Blessings Duly Counted: Paul Hillier
Paul Hillier directing the Estonian Philharmonic Chamber Choir
Christopher Bowers-Broadbent, organ
Count this among your blessings this Thanksgiving: Paul Hillier is still roaming the Earth. Better yet, he's recording. Let joy be unconfined!
If you haven't heard of Hillier, he's built up his career from his days with the choir at St. Paul's Cathedral in London to his current role as conductor/director/writer/baritone -- You knew I would work the baritone angle in there somewhere, didn't you? -- spending much of the recent past directing critically acclaimed choral ensembles, including the Hilliard Ensemble, Theater of Voices, and His Majestie's Clerkes. His credits, too numerous to list here, comprise compositions stretching across a millennium of glorious music. (Photo Credit: Benjamin Ealovega)
Two of my special favorites are Mr. Hillier's recordings of British and early American songs of prayer and praise: William Billings: A Land of Pure Delight and Goostly Psalmes: Anglo-American Psalmody 1550-1800, which are now available through Harmonia Mundi's splendid budget series and identified simply as Early American Choral Music, Vol. I and Vol. II. Both were made with His Majestie's Clerkes, featured on NPR, and beloved of a number of our Bethesda Olsson's customers and staff back in the day.
You'll notice that the above listings belong to a particular spiritual heritage. Though I don't wish to create the impression that Hillier eschews secular material, much of his finest work springs from the music of the Christian faith, notably that of the Orthodox tradition.

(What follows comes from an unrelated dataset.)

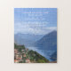 Concentrez-vous sur la merveilleuse nouvelle de l'amour de Dieu avec ce verset de la Bible chrétienne de Jean 3:16 et le puzzle du lac. Jean 3:16 écrit dans la typographie blanche moderne dit : "Car Dieu a tant aimé le monde qu'il a donné son Fils unique, que quiconque croit en lui ne périra pas, mais ait la vie éternelle." Tout le texte est modifiable afin que vous puissiez ajouter votre verset biblique préféré ou texte personnalisé inspirant. J'ai pris cette photo des Alpes, du lac de montagne et du village européen en Suisse. Vous pouvez également remplacer ma photo par l'une de vos photos préférées pour une décoration maison inspirante. Ce puzzle serait un grand cadeau encourageant pour un ami. Ce serait une façon amusante et créative d'amener la Parole de Dieu dans votre maison.

In that area, Hillier has often turned to the great Estonian composer Arvo Pärt. This new recording, Da Pacem, showcases short spiritually themed works, prayers of supplication, worship, and trust. Texts are drawn from sources ranging from the Psalms to the Magnificat to one of John Henry Newman's sermons, "Littlemore Tractus":
May He support us all the day long, till the shades lengthen, and the evening comes, and the busy world is hushed, and the fever of life is over, and our work is done! Then in his mercy may He give us a safe lodging, and a holy rest, and peace at the last.The album includes Part's "Two Slavic Psalms," settings of Psalm 117 and Psalm 131. The first is a song of praise; the second, a meditation on trust in God. The straightforward joy of the one gives over to the serenity and simplicity of the other.
The Estonian Philharmonic Chamber Choir, whose repertoire possesses amazing breadth, work a particular magic with Part's minimalist approach. There is purity yet subtle texture in the presentation, giving the listener something to reach for and respond to.
In a later blog, I'll happily discuss Hillier's latest offering for the Christmas season, A New Joy, a disc of Estonian, Russian, and Ukrainian music of the season -- another offering from the Estonian Philharmonic Chamber Choir and truly something to make your heart soar.
Wishing you peace and a very happy Thanksgiving.